Patients with the condition describe it as constant pain and fatigue that often leaves them unable to get out of bed. It is sometimes a burning pain, and sometimes a throbbing pain. It can come on suddenly without warning or unusual activities can set it off.
New research suggests the condition may be hereditary. Other symptoms often associated with fibromyalgia include allergies, bowel and bladder problems, sleep problems, restless leg syndrome and migraine headaches.
FIBROMYALGIA RESEARCH: New research is offering encouraging news for patients with fibromyalgia. If nothing else, it is at least showing that there are biological and physiological causes for the pain these individuals feel. One area of research being headed up by Daniel Clauw, M.D., currently at the University of Michigan.
Dr. Clauw used a functional MRI to look at the brain activity of individuals both with and without fibromyalgia when they were given a stimulus. He found, when patients with fibromyalgia were given a low-pressure stimulus, their brains showed the same activity as in people without fibromyalgia who were given a high-pressure stimulus.
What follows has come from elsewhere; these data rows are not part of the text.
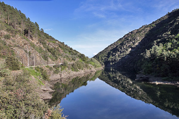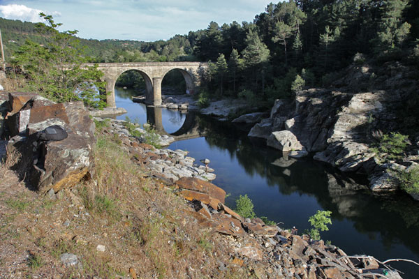 Rechts bzw.links sehen wir zunächst den Fluss Chassezac, der teilweise aufgetaut wird. Später fahren wir dann an der Thines entlang.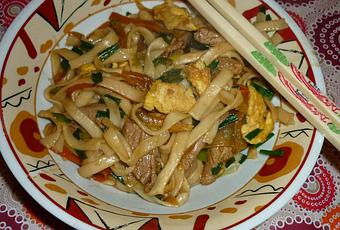 On commence la semaine avec un plat de nouilles sautées aux légumes croquants et porc mariné.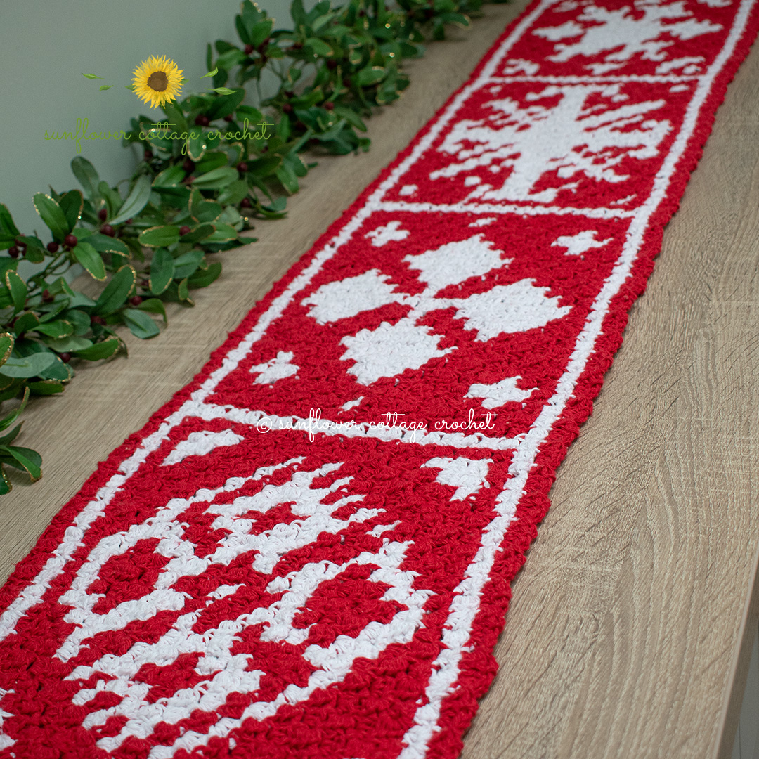 This one was a fun pattern to design and make. I have been wanting to do more corner to corner projects for a little while. The Nordic Winter Afghan gave me the perfect opportunity and once I started I just kept going. This runner is made in one piece so there is no joining. It is made using the corner to corner method. I used the half double crochet stitch with a ch2. You can use the double crochet stitch with ch3 if you prefer but be aware that your project will end up wider and longer.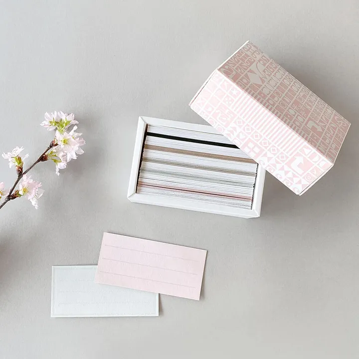2026 【Spring limited】 LETTER PRESS BOX 春限定の淡くやわらかなカラーリングのBOX。 桜をイメージした爽やかで温かみのある差し色は、春の麗らかな空気を感じさせます。可愛らしすぎない大人な桜色は、日々の中でささやかな彩りを添えてくれます。 『LETTER PRESS BOX とは?』 活版印刷の余り紙を捨てるのはもったいない!という気持ちから生まれたメッセージカードです。箱は活字をイメージしたモノグラム柄で活版の凹凸を存分に楽しめます。箱を開けるとアンティーク調のデザインカードが、たっぷりと150枚程度入っています。手触りや書き心地が異なる、種類豊富な紙をお楽しみください。 ※商品のスペック、カードの紙の種類は予告なしに変更する場合があります。※写真はイメージとなります。 【SIZE】 BOX:W112×H72×D57㎜ CARD:W93×H44㎜ 100seets over 【PRINT】 BOX:活版印刷1色 (桜色) CARD:活版印刷1色 (ホワイト / ライトグレー / ネイビー)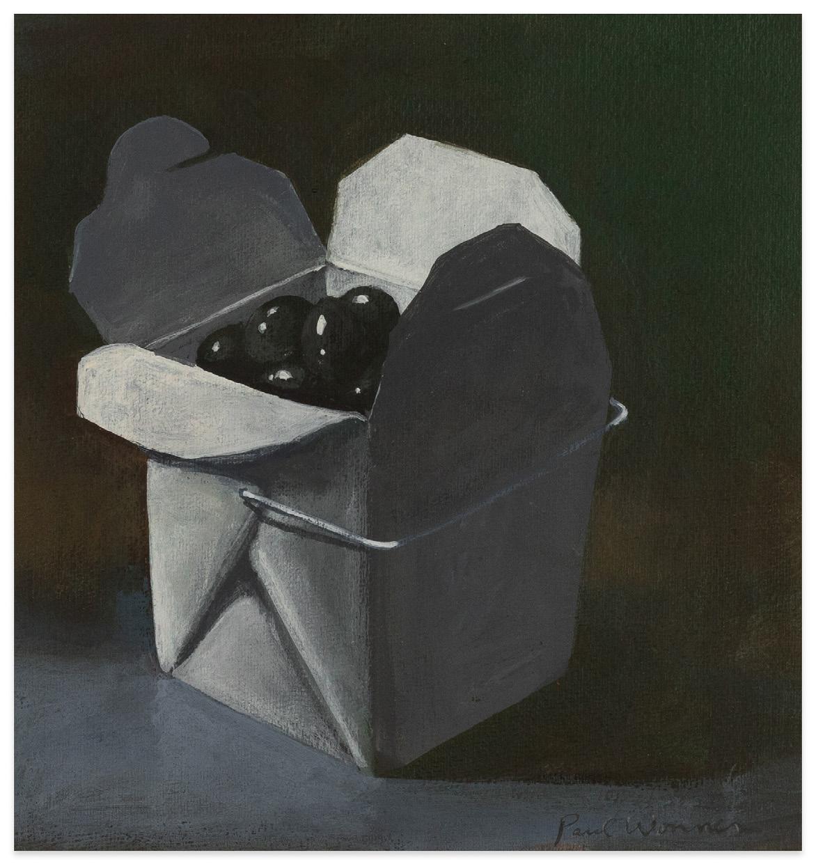 Paul Wonner, Carton of Olives, 1992 acrylic on paper, 8 1/2 x 8 inches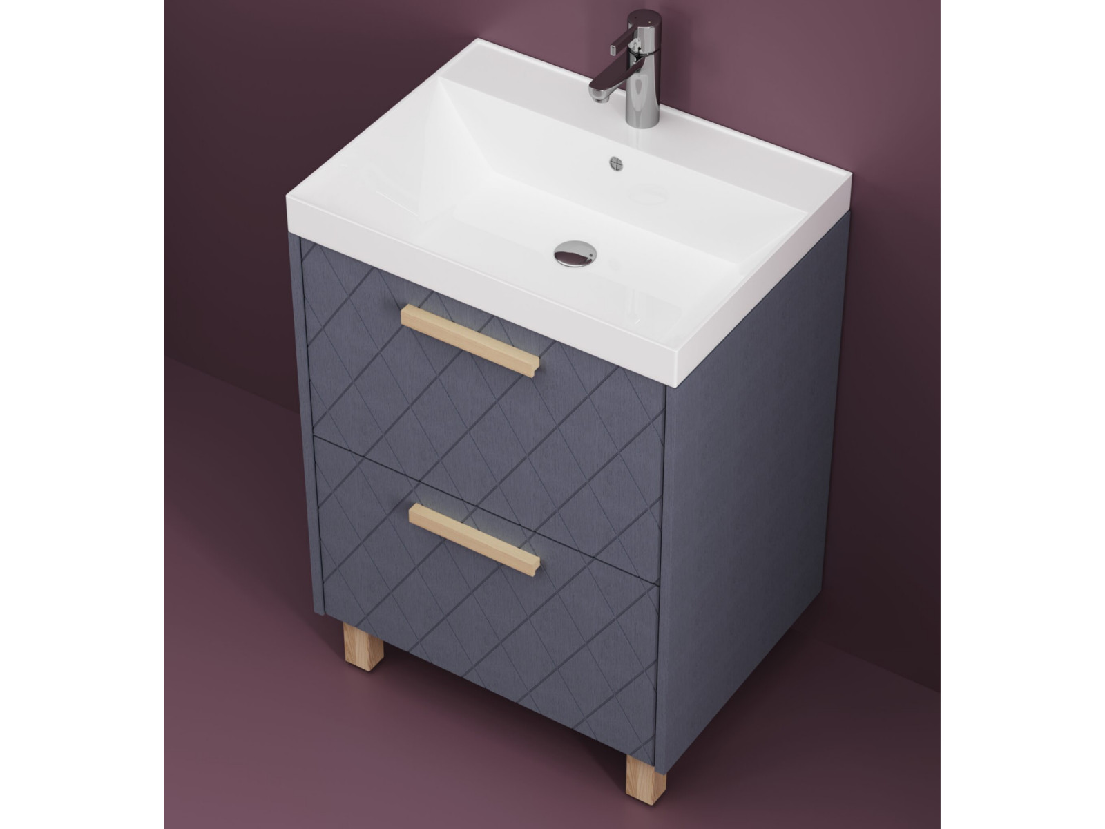 - Тумба Кристалл 70 напольная 2 ящика ручка дуб, раковина Слим 70 шато азур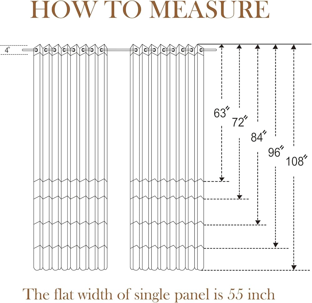 العبوة: مجموعة من لوحتين. طريقة القياس لكل لوحة كما هو موضح في الصور: العرض 55 بوصة، الطول الموضح هو طول القماش أسفل جيب القضيب الأول، 63 بوصة، 72 بوصة، 84 بوصة، 96 بوصة، 108 بوصة متوفرة . يتم وضع جيب القضيب الأول بشكل مسطح على ارتفاع حوالي 1.5 بوصة (3.8 سم).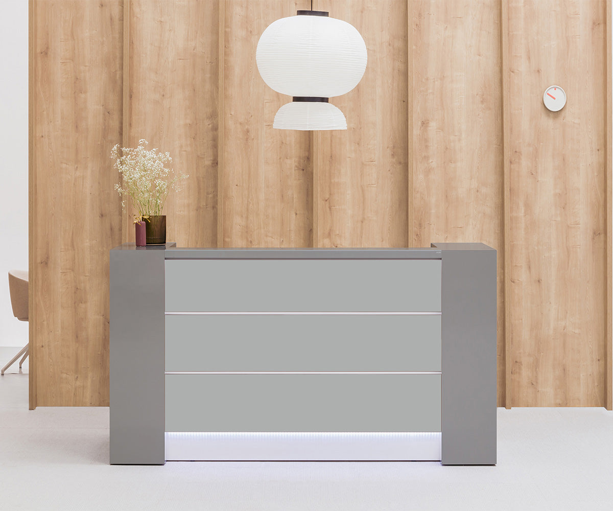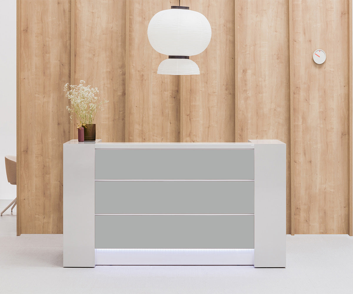 Valde 3 Empfangstheke, mit Endregal gerade, Grau Matt / Größe und Korpus wählbar

Additionally, Dr. Clauw says the area of the brain that was activated by the low stimulus in the fibromyalgia patients was the area of the brain involved in feeling pain. What this means, said Dr. Clauw, is that "when patients with fibromyalgia say they are feeling pain, they are in fact feeling pain." He says fibromyalgia patients essentially have the volume on the pain processing area of the brain turned up too high.
Other research underway by Joan Shaver, R.N., Ph.D., and colleagues at the University of Illinois at Chicago, is looking at the connection between sleep, hormones, and fibromyalgia. Shaver says certain hormones, including growth hormone, tends to peak in otherwise healthy individuals as they first fall asleep. In fibromyalgia patients, the levels remain low. Shaver says this connection may explain why people with fibromyalgia have difficulty sleeping. Another connection between this and fibromyalgia is that poor sleep is often connected to increased feelings of pain and growth hormone plays a role in muscle health.
Shaver says this information shows researchers that the next phase of research is to figure out how to increase levels of growth hormone in patients with fibromyalgia (supplements are generally much higher than what the body produces naturally) and how to help them achieve better sleep.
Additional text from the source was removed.